**Problem details**
Return, with both end lines included, exactly what the data below holds from the line with "何宽院长以《卫星导航定位系统" through the line with "смысловое маркирование значимых", though not the pictures.

**Supplied entries**

______________________________

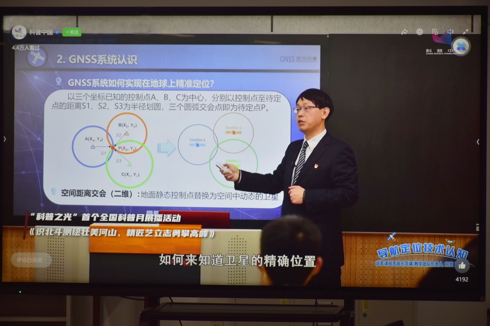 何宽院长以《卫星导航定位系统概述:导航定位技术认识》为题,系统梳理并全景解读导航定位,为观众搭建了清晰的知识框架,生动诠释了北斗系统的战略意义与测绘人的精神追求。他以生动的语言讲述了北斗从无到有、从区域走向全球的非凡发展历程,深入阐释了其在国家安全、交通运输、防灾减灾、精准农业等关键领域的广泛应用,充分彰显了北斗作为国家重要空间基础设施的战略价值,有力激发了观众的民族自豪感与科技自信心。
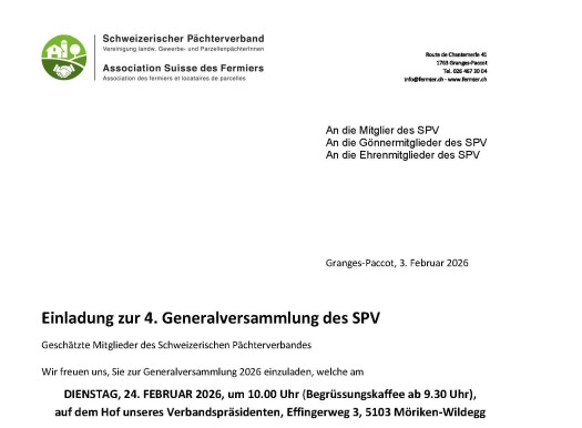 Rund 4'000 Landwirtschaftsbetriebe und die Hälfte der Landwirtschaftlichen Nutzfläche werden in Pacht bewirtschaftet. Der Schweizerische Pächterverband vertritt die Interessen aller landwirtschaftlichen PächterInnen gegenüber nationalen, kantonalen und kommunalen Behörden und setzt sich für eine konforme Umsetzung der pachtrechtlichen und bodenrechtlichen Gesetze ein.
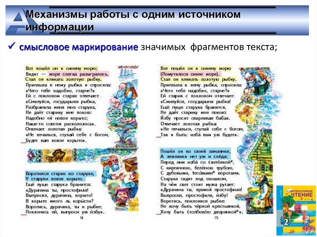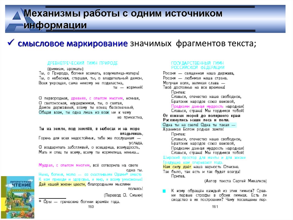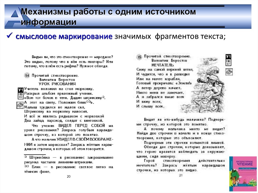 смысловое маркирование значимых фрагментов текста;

______________________________

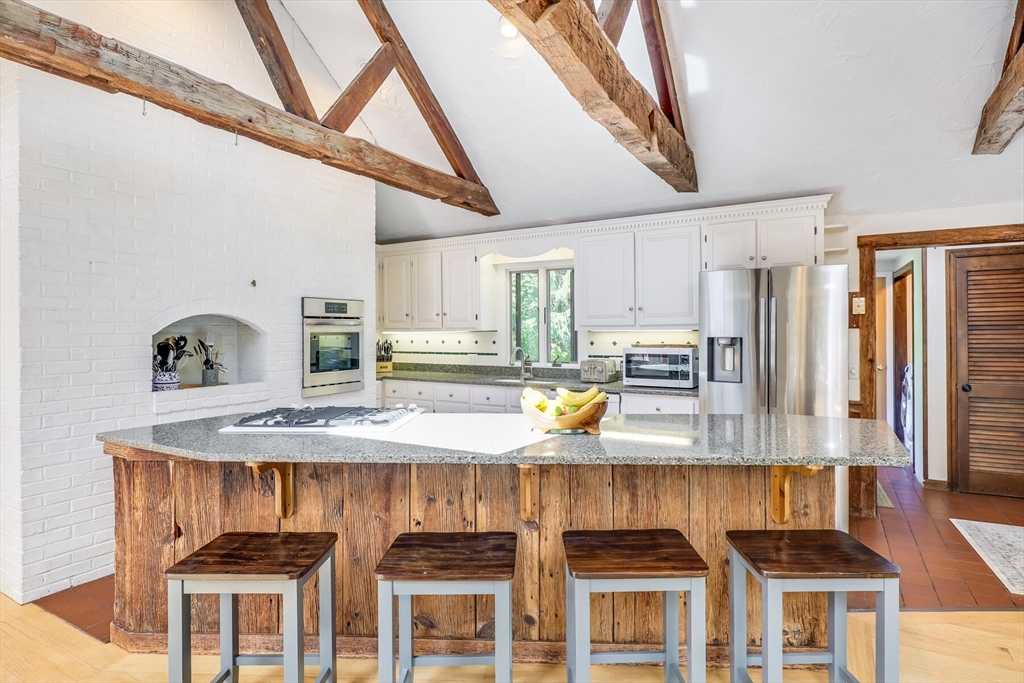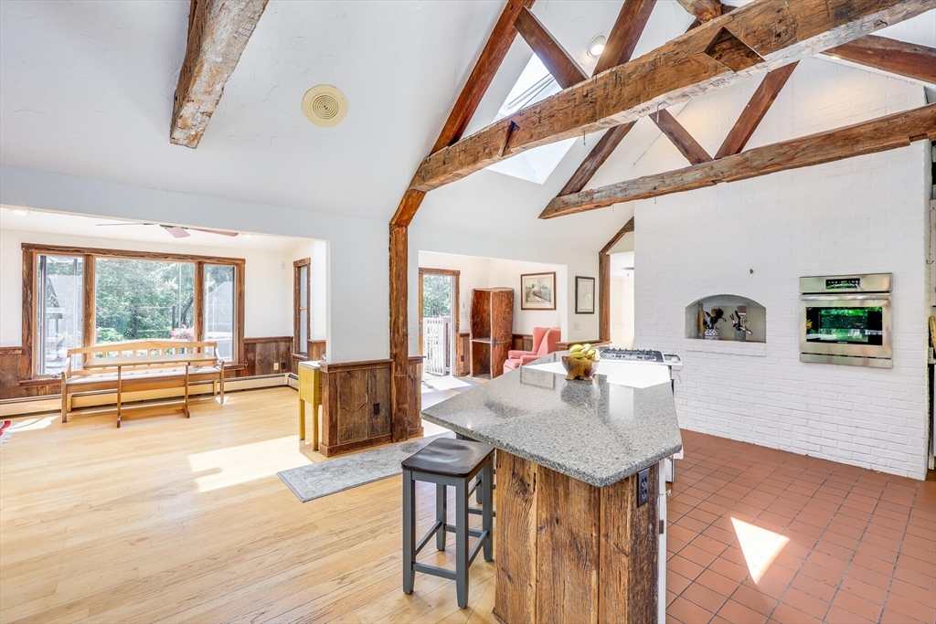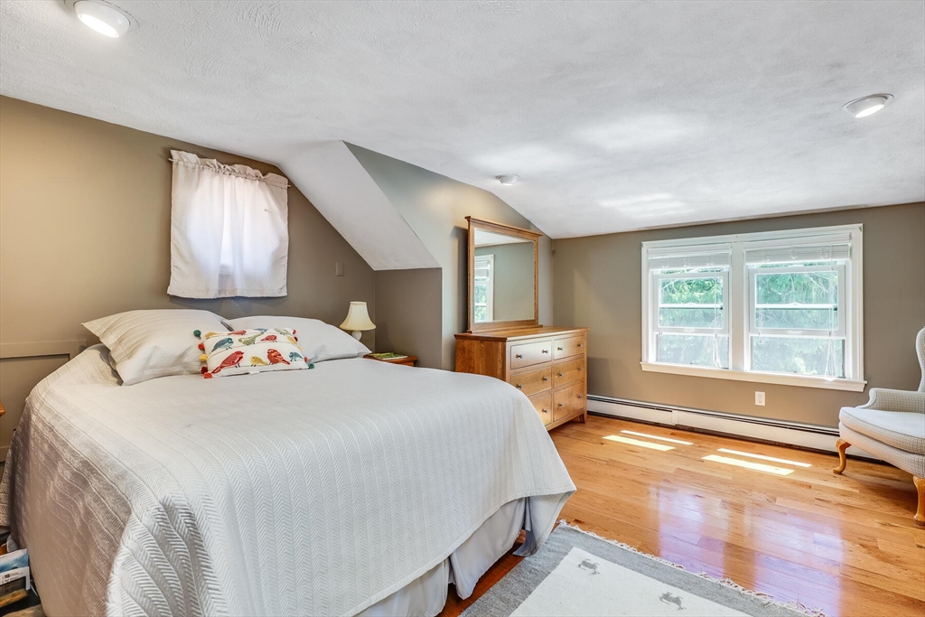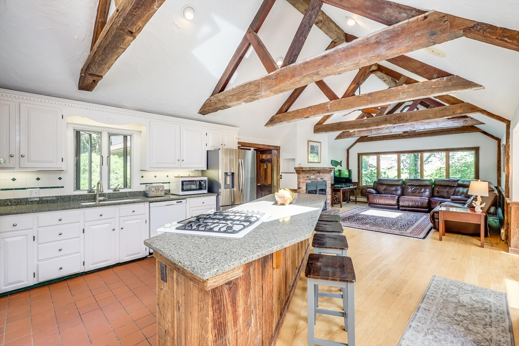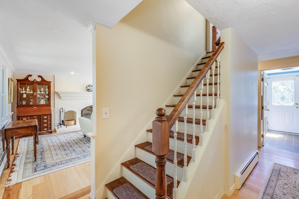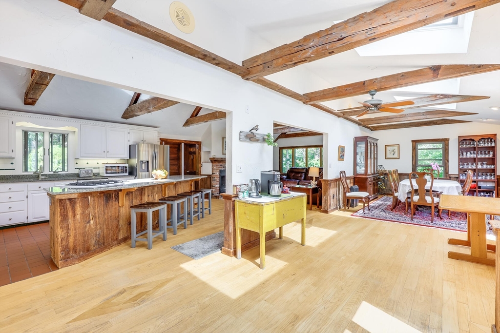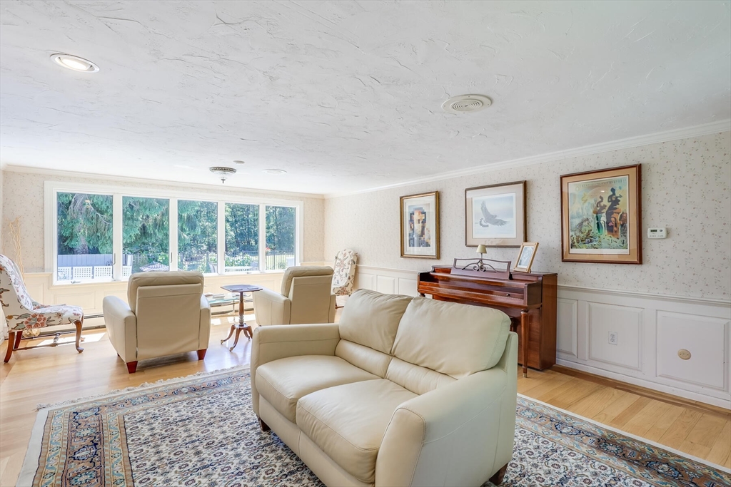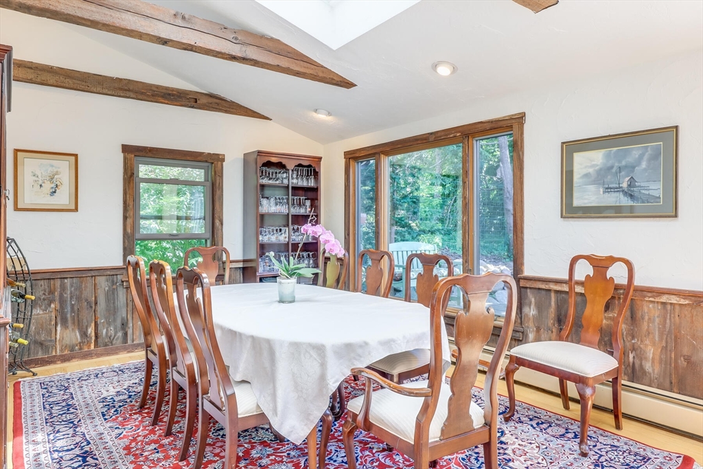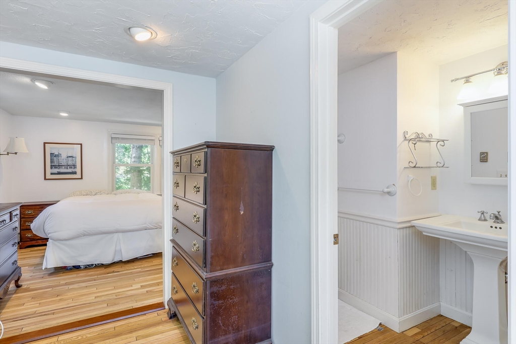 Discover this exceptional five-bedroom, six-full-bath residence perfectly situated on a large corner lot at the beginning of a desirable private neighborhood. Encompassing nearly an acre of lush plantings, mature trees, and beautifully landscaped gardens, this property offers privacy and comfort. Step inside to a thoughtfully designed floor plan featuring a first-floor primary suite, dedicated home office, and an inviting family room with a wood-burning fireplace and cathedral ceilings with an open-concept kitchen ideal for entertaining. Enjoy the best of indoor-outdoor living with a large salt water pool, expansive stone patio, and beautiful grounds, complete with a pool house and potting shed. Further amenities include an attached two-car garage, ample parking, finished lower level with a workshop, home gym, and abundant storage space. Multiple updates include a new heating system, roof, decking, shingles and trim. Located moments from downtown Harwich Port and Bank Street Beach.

______________________________

**Solution**
 何宽院长以《卫星导航定位系统概述:导航定位技术认识》为题,系统梳理并全景解读导航定位,为观众搭建了清晰的知识框架,生动诠释了北斗系统的战略意义与测绘人的精神追求。他以生动的语言讲述了北斗从无到有、从区域走向全球的非凡发展历程,深入阐释了其在国家安全、交通运输、防灾减灾、精准农业等关键领域的广泛应用,充分彰显了北斗作为国家重要空间基础设施的战略价值,有力激发了观众的民族自豪感与科技自信心。
 Rund 4'000 Landwirtschaftsbetriebe und die Hälfte der Landwirtschaftlichen Nutzfläche werden in Pacht bewirtschaftet. Der Schweizerische Pächterverband vertritt die Interessen aller landwirtschaftlichen PächterInnen gegenüber nationalen, kantonalen und kommunalen Behörden und setzt sich für eine konforme Umsetzung der pachtrechtlichen und bodenrechtlichen Gesetze ein.
 смысловое маркирование значимых фрагментов текста;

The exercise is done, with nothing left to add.